DLS measurements to determine the size of the particles were carried out using a MALVERN Instrument MAL1001767 UK, at the temperature of 25 °C and pH 7.4. By this method, the dynamics of the particles system in relation with the Brownian motion and fluctuations of scattered light was investigated with time. The frequency shifts, the angular distribution, the polarization, and the intensity of the scatter light were determined by the size, shape and molecular interactions in the scattering material. The Malvern Zetasizer Nano Instrument was also used for all zeta potential measurements.

All electrochemical experiments were performed using a computer-controlled DropSens STAT 400 (DropSens, Spain). They were carried out in a beaker, at room temperature (23 °C), using the three-electrode configuration. Differential Pulse Voltammetry (DPV) was performed to confirm surface modification changes.
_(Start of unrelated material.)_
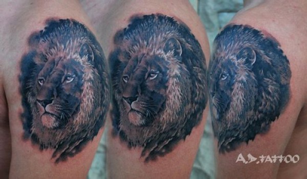 男人手臂经典帅气的狮头纹身图案_臂部纹身图案大全_纹身图吧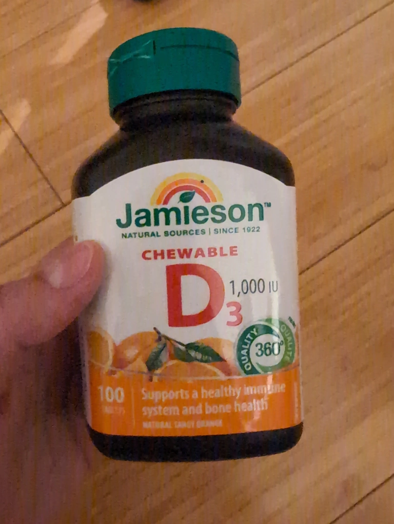 100 chewable Vitamin D3 tablets. 1000 IU per tablet. Supports healthy immune system and bone health. Natural orange flavor. Expiration date October 10, 2026.

The DPV cycles were performed in 0.1 mM K3[Fe(CN)6], containing 0.01 M NaCl solution, applying following parameters: 0.05 V modulation amplitude, 0.01 s modulation time, 0.01 V step potential and voltage range from −0.5 to 0.5 V.

Synthesis of conjugated AuNP - antibody nanoprobe

— Synthesis of AuNPs

In order to synthesize 10–100 nm AuNPs, the Turkevich method improved by Frens was used34,35. Briefly, 200 ml of 0.01 % HAuCl4 solution was brought to boil while stirring gently. Thereafter, 4.5 ml of 1 % trisodium citrate was rapidly added to the boiling solution while stirring constantly for an additional 15 min. Once mixing occurred, the color of the solution changed gradually from light yellow to wine red. The solution was then cooled down to room temperature. This solution was stored at 4 °C for further use.
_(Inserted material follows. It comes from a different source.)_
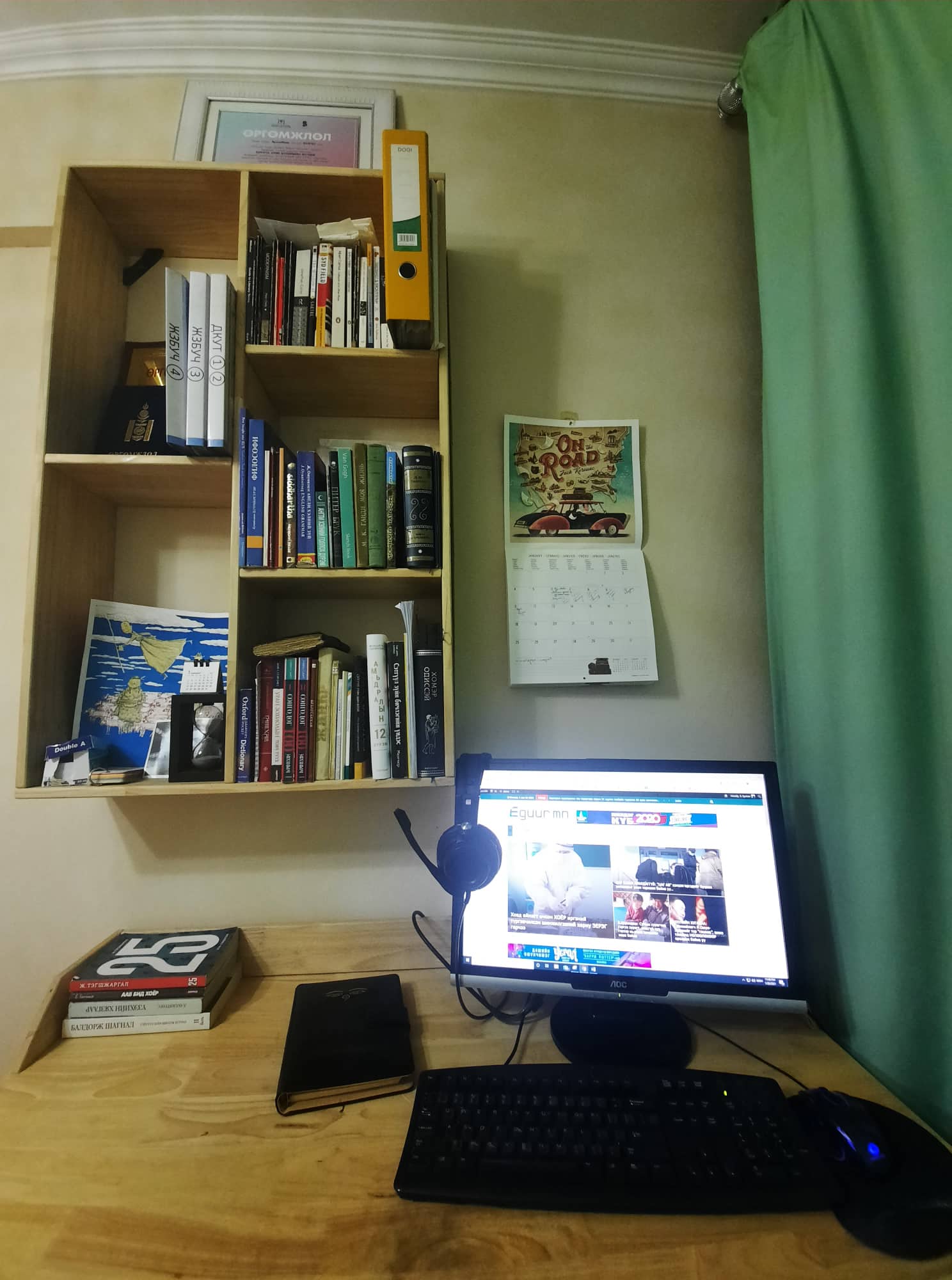 Сэтгүүлч хүний өдөр тутмын нэг хэрэглээ бол яалтчгүй тэмдэглэлийн дэвтэр, ном. Миний ажлын ширээ тийм ч том биш учраас олон ном тавих зай бараг л байхгүй. Ширээн дээрээ сүүлд уншсан ном, товхимолоо тавьсан.

Synthesis of GSH-capped AuNPs

A stock solution of glutathione (10 mM) was prepared. Dilute HCl solution (10 mM, 100 mL) was added to colloidal AuNP solution (3 mL) to lower the pH (~4)36. An aliquot of GSH solution (10 mM, 30 mL) was added to the acidic gold solution. This was the maximum amount required before the color of the solution changed from deep red to blue, indicating formation of aggregates amongst AuNPs.

Synthesis of AuNP - antibody Conjugates

A design of experiments (DOE) was prepared to assess the role of various parameters (different crosslinker combinations and concentration ratios) in manufacturing the AuNP - Ab conjugates, which would result in the best performance for the nanoprobe. The four parameters studied were the EDC (0, 100 mM, 200 mM, and 400 mM), sulfo-NHS (0, 100 mM, 200 mM and 400 mM), GSH (0, 10 mM) and Ab concentrations (10 µg/mL and 20 µg/mL). In other words, different concentration ratios of these material were combined to fabricate the nanoconjugate.

In each protocol, specific concentrations of the freshly prepared EDC and sulfo-NHS solutions were mixed and left to react for half an hour. Then the Osteocalcin antibody was added to the solution and incubated for 2.5 hours. The complex was finally added to the GSH-capped AuNP solution and left to react for another hour. After each step, the solution was mixed using a fixed-speed vortex mixer. All the above mentioned procedures, mixing and incubating, was done at room temperature.

Functionality of AuNP/Ab nanocomplex

The reactivity of the AuNP/Ab nanoconjugates prepared using different protocols was tested using osteocalcin protein, herein referred to as the antigen (Ag). This was done by dropping 3 µL of the AuNP/Ab nanoconjugates on a gold SPE and waiting for an hour to dry. 20 µl of 0.2% BSA solution in PBS buffer was added to block the unreacted active functional groups. The electrode was then rinsed for 3 min with 0.1 M PBS to eliminate non-specific bindings. The baseline DPV plots were then recorded in 0.1 mM K3[Fe(CN)6] for each nanoconjugate.

Thereafter 3 µL of the Osteocalcin antigen was dropped on the modified electrodes and left to react for 0.5, 1, 2, 5, 10 and 20 hours. The second DPVs were then plotted.